Oligonuclear Organometallics
In collaboration with Prof. Pierre Braunstein (University of Strasbourg, France) we study small oligonuclear complexes using ligand designs that place the metals in close proximity. A variety of donors are integrated in the ligand framework, including phosphines, N-heterocyclic carbenes and silylamides. Having initially targeted homometallic complexes of coinage metals or Pd, the project has recently expanded to heterometallics of Pd-Cu Pd-Ag and Au-Ag. The inclusion of other 3d metals is also in progress.
The oligonuclear organometallics are used as probes of the intermetallic interactions and bonding which are rationalised by computational techniques (in collaboration). Together with their derivatives obtained by redox transformations or by substitution of easily displaceable ligands, they are being studied in the framework of catalytic, magnetochemical or photophysical applications. In addition to a palette of spectroscopic techniques employed for the characterisation of the new structures, solution EXAFS/XANES aiming at elucidating the electronic structure of the metal centres are carried out in collaboration with Prof. Moniek Tromp (University of Groningen).

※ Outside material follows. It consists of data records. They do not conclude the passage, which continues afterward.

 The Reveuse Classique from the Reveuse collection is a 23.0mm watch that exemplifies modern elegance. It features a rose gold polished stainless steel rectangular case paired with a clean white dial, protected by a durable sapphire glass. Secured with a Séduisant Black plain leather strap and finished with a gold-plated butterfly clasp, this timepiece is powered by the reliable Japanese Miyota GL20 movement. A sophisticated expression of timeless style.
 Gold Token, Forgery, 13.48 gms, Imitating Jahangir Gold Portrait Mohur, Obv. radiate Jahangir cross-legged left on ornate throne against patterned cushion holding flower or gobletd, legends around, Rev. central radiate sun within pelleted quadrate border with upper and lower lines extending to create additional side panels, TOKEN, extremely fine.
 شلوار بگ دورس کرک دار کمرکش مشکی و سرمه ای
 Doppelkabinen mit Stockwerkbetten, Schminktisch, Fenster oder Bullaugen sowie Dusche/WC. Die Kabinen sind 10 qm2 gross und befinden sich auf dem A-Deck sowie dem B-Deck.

Relevant recent papers are for example:
Chem. Eur. J. 2018, 24, 8787 – 8796. DOI: 10.1002/chem.201801170, Chem. Eur. J. 2017, 23, 6504–6508. DOI: 10.1002/chem.201700496, Inorg. Chem. 2016, 55, 1219-1229, DOI:10.1021/acs.inorgchem.5b02382, Angew. Chem. Int. Ed. 2016, 55, 3338–3341, DOI: 10.1002/anie.201510150, Inorg. Chem. 2016, 55, 8527–8542, DOI: 10.1021/acs.inorgchem.6b01095, Chem. Eur. J. 2017, 23, 6504–6508. DOI: 10.1002/chem.201700496, Inorg. Chem. 2015, 54, 3722–3724, DOI: 10.1021/acs.inorgchem.5b00276, Chem. Commun., 2014, 50, 103-105. 10.1039/C3CC47370H.

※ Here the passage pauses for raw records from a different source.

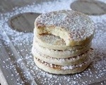 The ingredients are similar to scone ingredients, but the dough is possibly a little bit sweeter (although that could have been all the powdered sugar I sprinkled on top!) The dough is easy to work with and it only took about 15 mintues to throw these together. They cook quickly on the stove and are just perfect served hot off the griddle. The insides of these flat little cakes are light and fluffy with a texture similar to a biscuit or scone. The original recipe calls for a sprinkling of raw crunchy sugar on top, which would add a wonderful crunch!
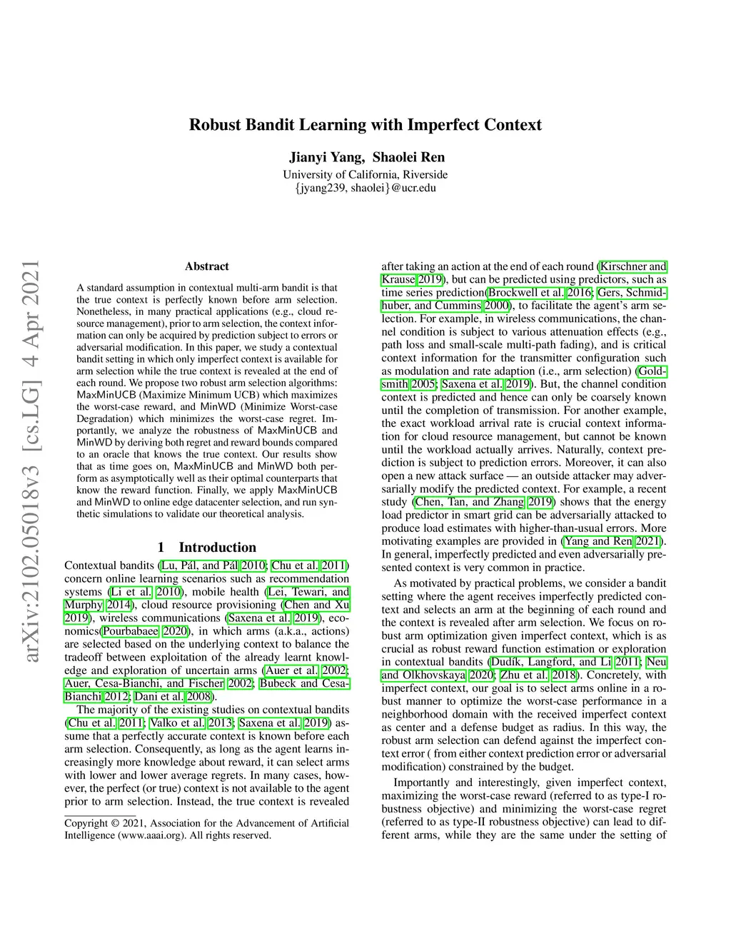 A standard assumption in contextual multi-arm bandit is that the true context is perfectly known before arm selection. Nonetheless, in many practical applications (e.g., cloud resource management), prior to arm selection, the context information can only be acquired by prediction subject to errors or adversarial modification. In this paper, we study a contextual bandit setting in which only imperfect context is available for arm selection while the true context is revealed at the end of each round. We propose two robust arm selection algorithms: MaxMinUCB (Maximize Minimum UCB) which maximizes the worst-case reward, and MinWD (Minimize Worst-case Degradation) which minimizes the worst-case regret. Importantly, we analyze the robustness of MaxMinUCB and MinWD by deriving both regret and reward bounds compared to an oracle that knows the true context. Our results show that as time goes on, MaxMinUCB and MinWD both perform as asymptotically well as their optimal counterparts that know the reward function. Finally, we apply MaxMinUCB and MinWD to online edge datacenter selection, and run synthetic simulations to validate our theoretical analysis.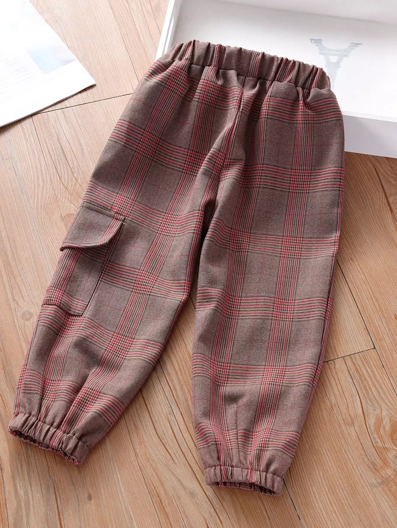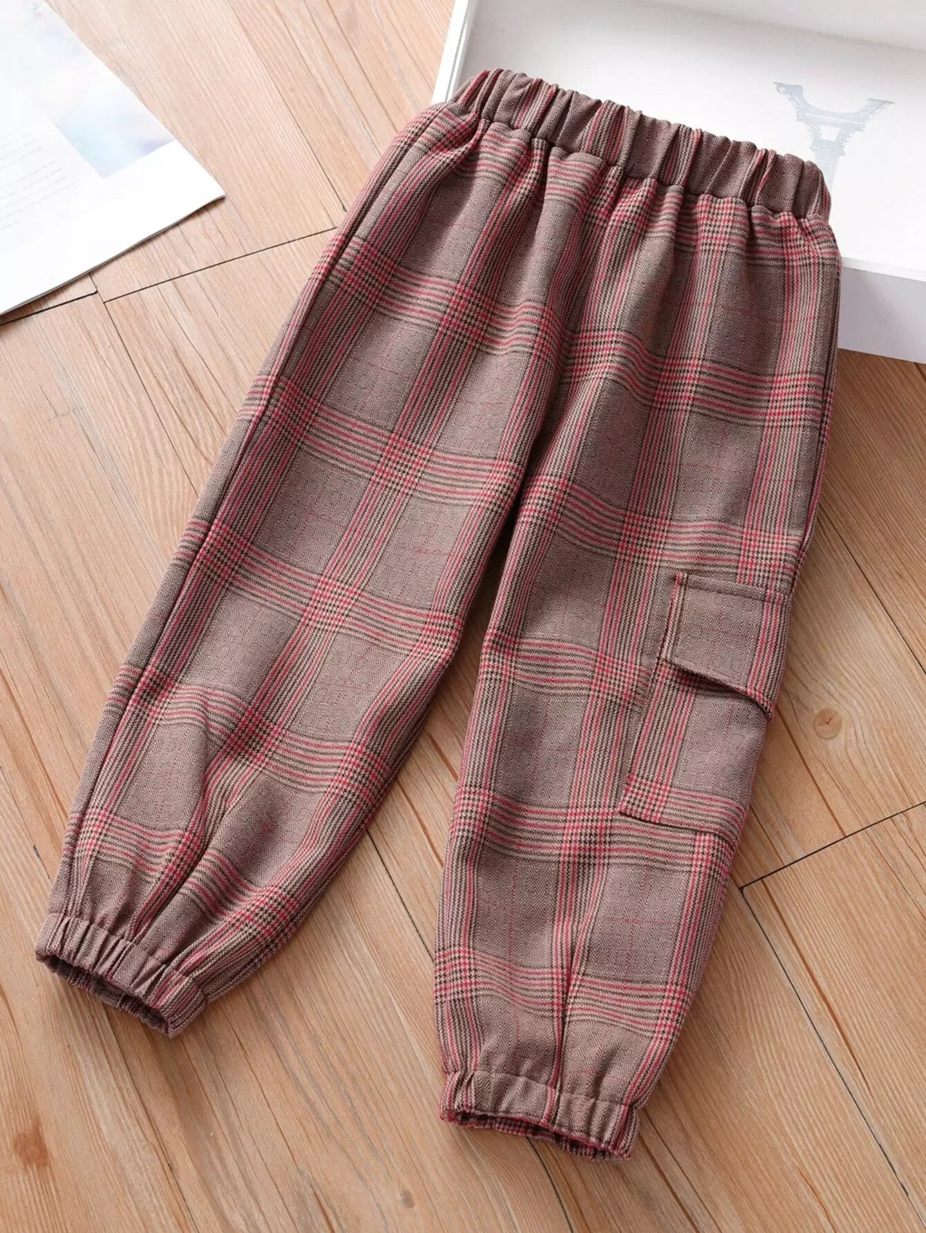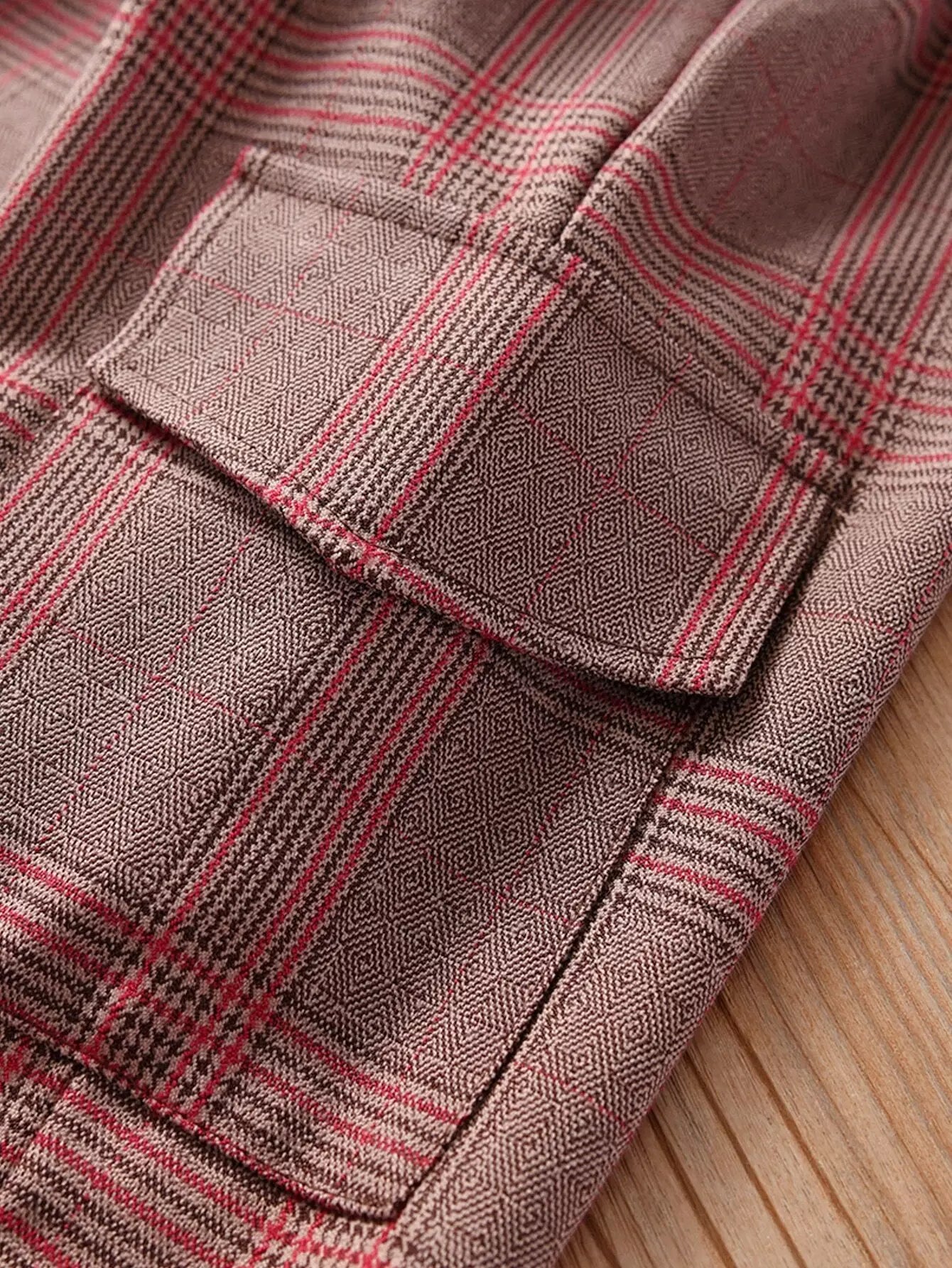Toddler Boys Flap Pocket Patched Plaid Carrot Pants

Low Coordination Number Reactive Organometallics
The combination of bulky N-heterocyclic carbenes and the bis-(trimethylsilyl)amido ligands led to three- or two-coordinate complexes of Fe, Co and Cr in oxidation states II and I (the latter for Fe and Co). The complexes show interesting magnetic properties: The two-coordinate species show unusually high high magnetic susceptibilities that have been reasonably modelled with the involvement of redox non-innocent N-heterocyclic carbene ligands. In addition, in certain cases unusually distorted molecular geometries are observed due to the increased spatial availability around the metal and the increasingly dominant role of non-covalent interaction exerted by atoms within the molecular space.

Relevant recent papers are for example:
Dalton Trans., 2017, 46, 1163-1171. DOI: 10.1039/C6DT03565E, Chem. Eur. J. 2017, 23, 6504–6508. DOI: 10.1002/chem.201700496, Oil & Gas Science and Technology-Revue d'IFP Energies nouvelles 2016, 71 Issue 2 DOI: 10.2516/ogst/2015047, Organometallics, 2015, 34, 2429–2438, DOI: 10.1021/om501178p. Organometallics, 2013, 32, 1842, DOI: /10.1021/om3012568 | Organometallics 2013, 32, 1842 1850.